State v. Wulffenstein, 657 P.2d 289, 293, cert. denied, 460 U.S. 1044, 103 S. Ct. 1443, 75 L. Ed. 2d 799 (1982); see also Utah R.App. P. 11(e)(2).[1] The lower court concluded that appointed counsel represented Rudolph at trial without his protest, that he requested continued representation by the Legal Defenders' office during sentencing, and that he permitted the lawyer to represent him on appeal, even though he also filed pro se briefs which this court considered in affirming the conviction. Rudolph, 970 P.2d at 1225. Absent evidence to the contrary, we agree with the lower court that Rudolph's request for court-appointed counsel went beyond mere acquiescence and simple cooperation. He has therefore waived his right to claim that counsel was ineffective when she did not raise his right to self-representation under the Sixth Amendment of the U.S. Constitution.

¶ 9 With respect to the second issue, we conclude that the claim of ineffective assistance of counsel in failing to challenge the Utah burglary statute on vagueness grounds has also been waived. Rudolph could and should have raised that issue himself because he filed his own briefs on direct appeal. Rudolph, 970 P.2d at 1225.

¶ 10 Even were we to reach the issue of ineffective assistance of counsel, Rudolph would still have to demonstrate (1) that his counsel's representation fell below an objective standard of reasonableness and (2) that her ineffective assistance prejudiced him. Strickland v. Washington, 466 U.S. 668, 687, 104 S. Ct. 2052, 80 L. Ed. 2d 674 (1984). Rudolph has failed to establish substandard performance under the first prong of the Strickland test. Rudolph's counsel challenged the elements of the burglary statute only through claims of erroneous jury instructions. She may well have made the tactical decision not to pursue a constitutional challenge to the burglary statute because this court endows legislative enactments with a strong presumption of validity and does not declare them unconstitutional unless there is no real basis upon which they can be construed as conforming to constitutional requirements. State v. DeBooy, 2000 UT 32, ¶ 28, 996 P.2d 546 (citing cases); see also State v. Krueger, 1999 UT App 54, ¶ 21, 975 P.2d 489. Counsel's challenge to the jury instructions achieved the same result, and that trial strategy did not fall below an objective standard of reasonableness.

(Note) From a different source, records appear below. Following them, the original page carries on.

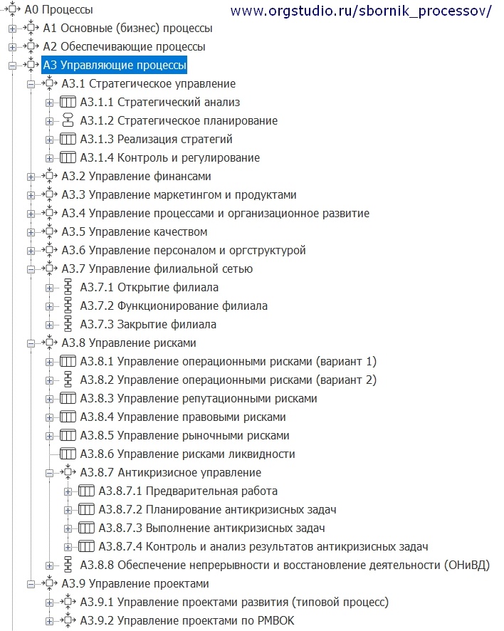 Рис. 2. Дерево обеспечивающих процессов (начало)
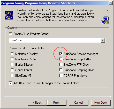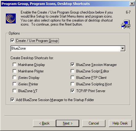 Select the desired Program Group, (BlueZone is the default). If you are going to use the BlueZone Session Manager for launching BlueZone sessions (highly recommended), it is not necessary to create any desktop shortcuts except for the Session Manager itself. If you want the BlueZone Session Manager to automatically start when Windows starts, leave the “Add BlueZone Session Manager to Startup Folder” option checked, then click the Next button.
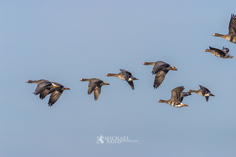 Blisgæssene er ret sky, og de flygter, hvis man kommer nærmere end 1000 meter, og optællingen foregår derfor fra luften.
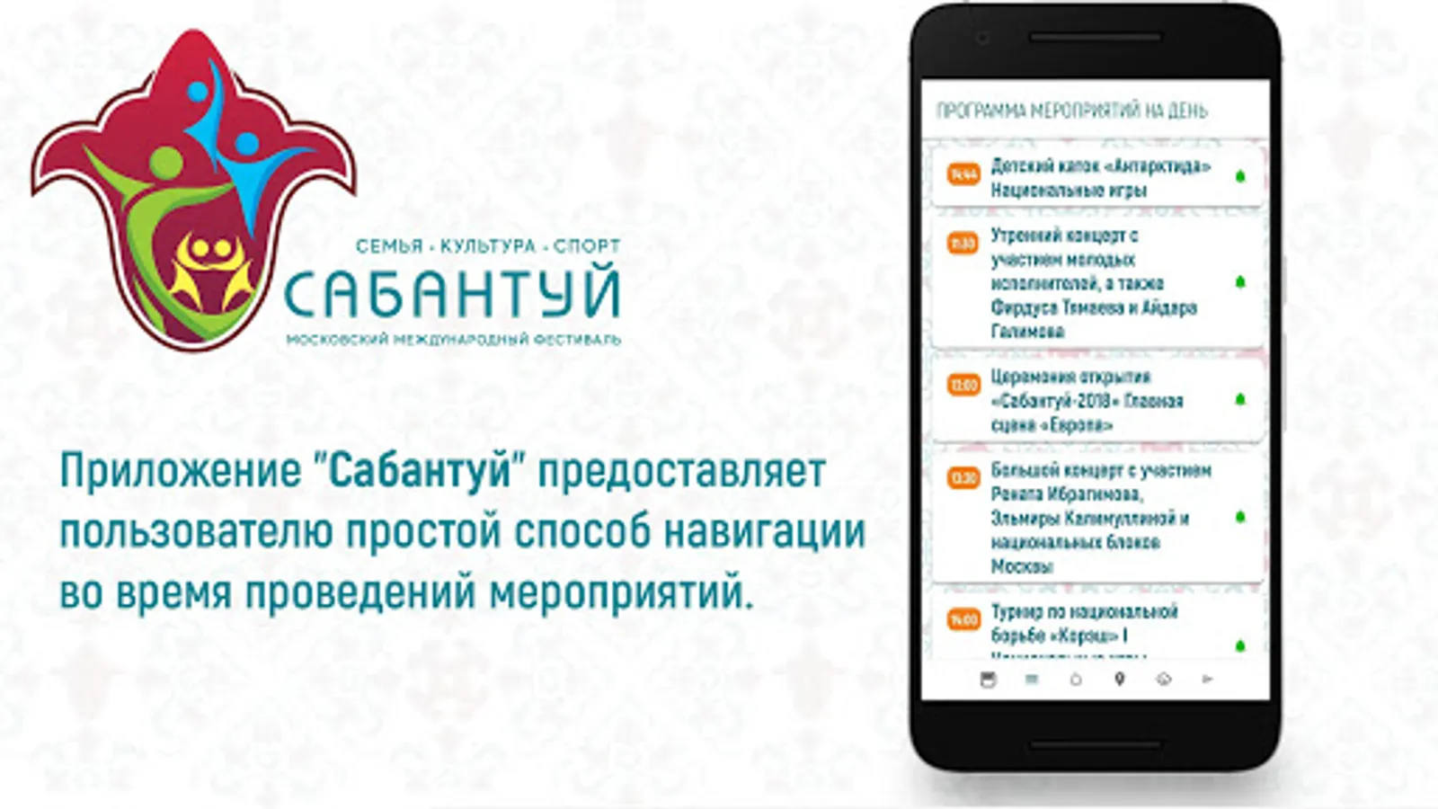 The application "Sabantuy" provides the user with an easy way to navigate during events. If during Sabantui you have difficulties in navigation, this application is for you. It includes many features for your simple and active recreation. In the application, you can receive the latest news about Sabantui, find out the program of events for the whole festive day, as well as get more recent information about it. On the map tab, you can easily determine the location of the event. Tab records in the nursery, will help you leave your child for the duration of the events.
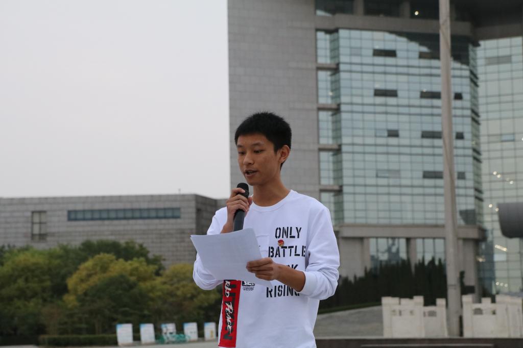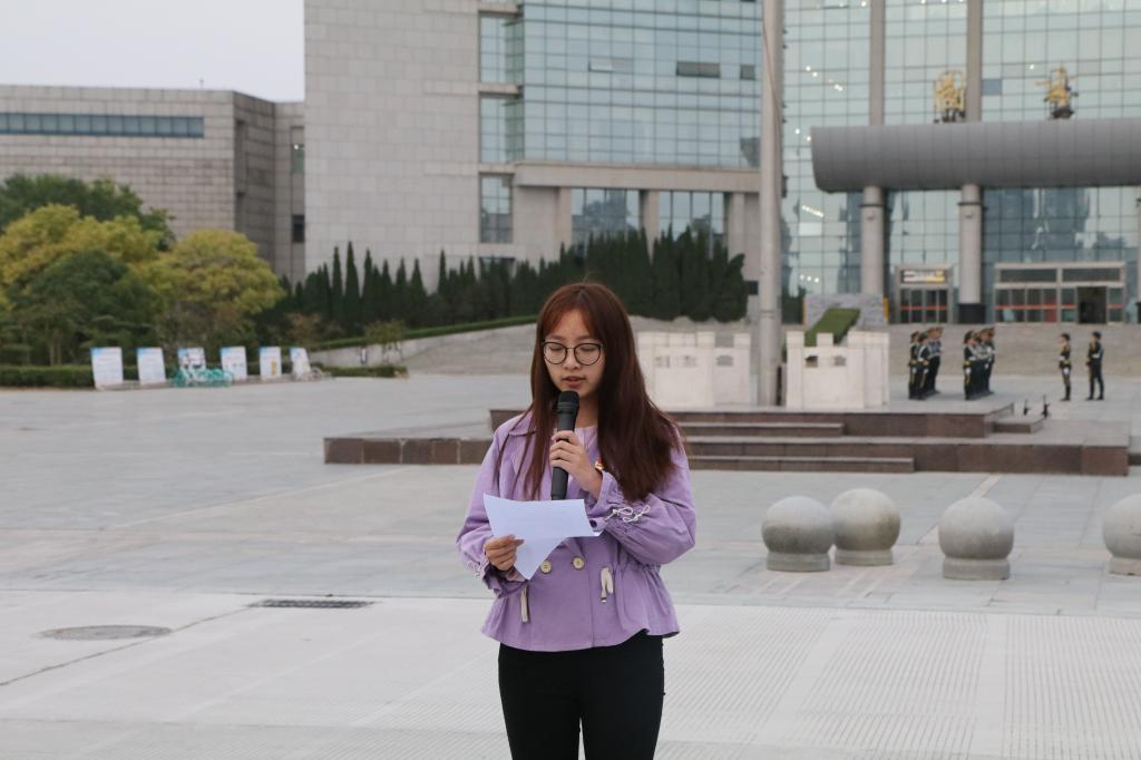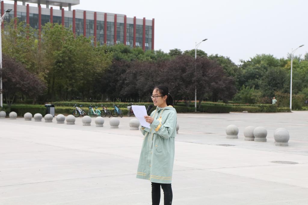 清晨六点整,全体学生集合完毕。首先,活动进行第一项——升国旗、奏国歌。在全体学生的注目礼下,英姿飒爽的国旗护卫队队员们护送着鲜艳的五星红旗进场。行礼完毕,伴随着雄壮激昂的国歌声,五星红旗冉冉升起,迎风飘扬,全体学生肃立注目,现场气氛庄严肃穆。升旗仪式结束后,活动进入第二项,各年级代表进行国旗下的讲话。首先,2017级生物科学明德班赵科举同学发表《我与祖国共奋进》的演讲。他提出,在中华人民共和国成立70周年之际,作为青年一代的我们要奋勇向前,时刻牢记实现中华人民共和国伟大复兴的责任与使命,与祖国共呼吸,与中原共出彩;紧接着,2018级生物工程专业赵霜竞同学在她的《礼赞新中国,奋进新时代》中表示,新时代属于每一个人,作为“双一流”建设的生科学子,我们应勇于创新,敢于质疑,团结一致,在追梦路上高扬奋斗之帆,共创美好未来;2019级新生代表生物科学专业的刘紫薇赞颂中华人民共和国70年以来取得的辉煌成就,并认为时代选择了我们,我们就要勇做时代的开路先锋,做时代责任的担当者。三位同学的讲话极具时代意义,为场下学生起到了很好的激励作用。
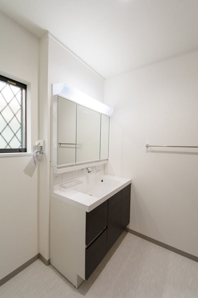 紺青をアクセントにした爽やかで清潔感のあるバスルーム。
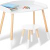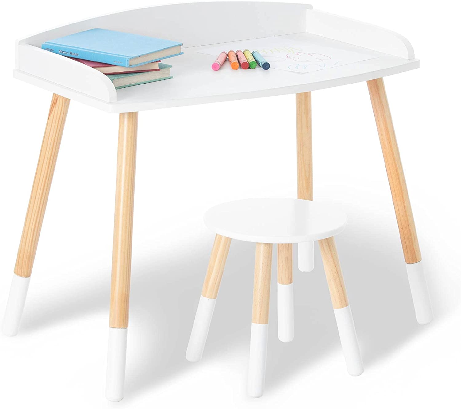 Wildkin Kids Modern Study Desk and Stool Set for Boys and Girls, Includes One Matching Stool, Classic Timeless Design Features Panel Edges on Tabletop and Solid Wood Legs (White w/ Natural)
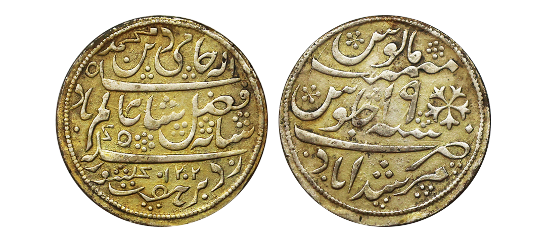 Gold Token, 13.48 gms, Imitating Jahangir Gold Portrait Mohur, Obv. radiate Jahangir cross-legged left on ornate throne against patterned cushion holding flower or gobletd, legends around, Rev. central radiate sun within pelleted quadrate border with upper and lower lines extending to create additional side panels, TOKEN, extremely fine.
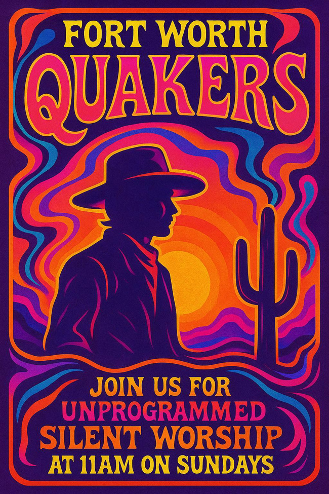 Local Quakers meet at Broadway Baptist Church (305 W Broadway, Room 302, Fort Worth) every Sunday at 11am, and the public is invited to these Fort Worth Friends Meetings to join the conversation. To find them, enter the main church entrance, follow the signs or rainbow banners, and take the elevator to the 3rd floor. They hold a silent worship period for the first hour, followed by a second hour of activities, such as discussions and potluck meals.
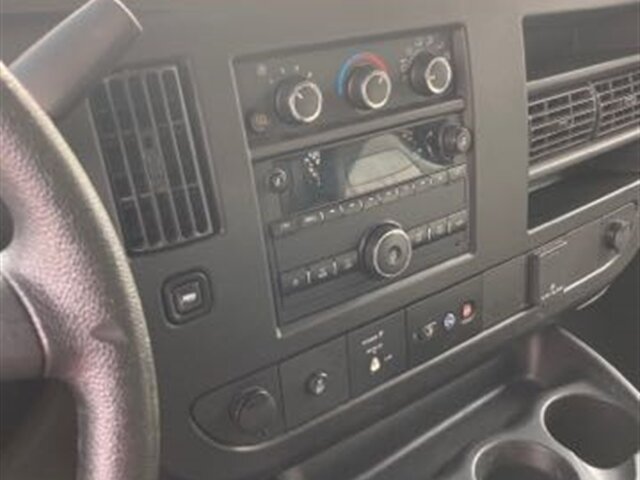 -- INSTALLED FEATURES: Front air conditioning, Front air conditioning zones: single, Airbag deactivation: passenger switch, Front airbags: dual, Side airbags: front, Side curtain airbags: front, Side-curtain airbag rollover sensor, Antenna type: mast, Auxiliary audio input: jack, Radio: AM/FM, Total speakers: 2, ABS: 4-wheel, Electronic brakeforce distribution, Front brake diameter: 12.8, Front brake type: ventilated disc, Front brake width: 1.5, Power brakes, Rear brake diameter: 13.0, Rear brake type: ventilated disc, Rear brake width: 1.14, Armrests: front center, Floor material: rubber/vinyl, Steering wheel trim: urethane, Assist handle: front, Cargo area light: 3, Cupholders: front / 3, Power outlet(s): 115V front / 12V front, Power steering, Reading lights: front, Retained accessory power, Storage: cargo tie-down anchors and hooks / door pockets / in dash, Sun visors, Rear door type: barn, Side door type: passenger-side hinged swing-out, Axle ratio: 3.42, Alternator: 105 amps, Auxiliary oil cooler, Battery: maintenance-free, Battery rating: 600 CCA, Battery saver, Bumper detail: rear step, Door handle color: black, Front bumper color: black, Grille color: black, Mirror color: black, Rear bumper color: black, Window trim: black, Clock, Digital odometer, Engine hour meter, Fuel economy display: MPG / range, Gauge: oil pressure / tachometer, Multi-function display, Trip odometer, Warnings and reminders: low fuel level / maintenance due / tire fill alert, Daytime running lights, Headlights: auto on/off / halogen, Side mirror adjustments: manual / manual folding, OEM roof height: undefined, Body side reinforcements: side impact door beams, Camera system: rearview, Child seat anchors, Rearview monitor: in mirror, Front seatbelts: 3-point, Seatbelt pretensioners: front, Driver seat manual adjustments: reclining / 4, Front headrests: integrated / 2, Front seat type: bucket, Passenger seat manual adjustments: reclining / 4, Upholstery: vinyl, Anti-theft system: alarm / audio security system / engine immobilizer, Power door locks: anti-lockout, Hill holder control, Stability control, Traction control, Steering ratio: 17.2, Turns lock-to-lock: 3.0, Front shock type: gas, Front spring type: coil, Front stabilizer bar: diameter 35 mm, Front suspension classification: independent, Front suspension type: short and long arm, Rear shock type: gas, Rear spring type: leaf, Rear suspension classification: solid live axle, Rear suspension type: multi-leaf, Driver assistance app: roadside assistance, Satellite communications: OnStar / voice guided directions, Smart device app function: maintenance status, Wifi: hotspot, Spare tire mount location: underbody, Spare tire size: full-size matching, Spare wheel type: steel, Tire Pressure Monitoring System, Tire type: all season, Wheel covers: partial, Wheels: steel, Auxiliary transmission fluid cooler, Tow/Haul mode, Front wipers: intermittent, Power windows, Solar-tinted glass: front / rear, Window defogger: side
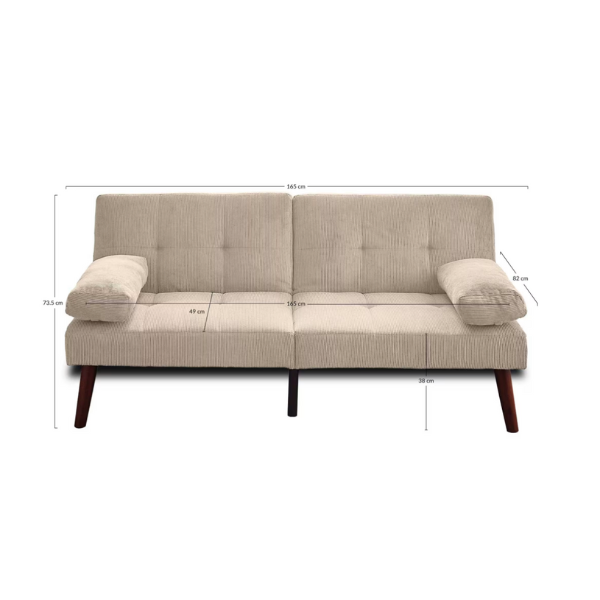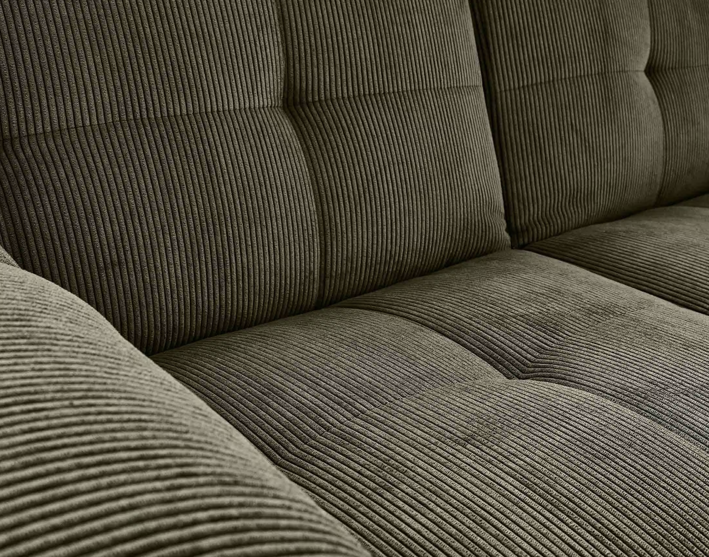 Son tissu en velours côtelé vert luxueux et ses pieds en bois confèrent une touche moderne et sophistiquée à votre intérieur. Accompagné de deux coussins décoratifs, il promet un confort optimal que vous soyez assis ou allongé.

¶ 11 Having found no substandard performance on behalf of counsel, we need not reach the second prong of the Strickland test.

CONCLUSION

¶ 12 We hold that Rudolph's request for court-appointed counsel continued through *470 his appeal as of right, and thus counsel was not ineffective in not raising the issue of self-representation. Likewise, counsel was not ineffective when she did not challenge the burglary statute on vagueness grounds. The denial of the petition for post-conviction relief is affirmed.

NOTES

[1] (2) Transcript required of all evidence regarding challenged finding or conclusion. If the appellant intends to urge on appeal that a finding or conclusion is unsupported by or is contrary to the evidence, the appellant shall include in the record a transcript of all evidence relevant to such finding or conclusion. Neither the court nor the appellee is obligated to correct appellant's deficiencies in providing the relevant portions of the transcript.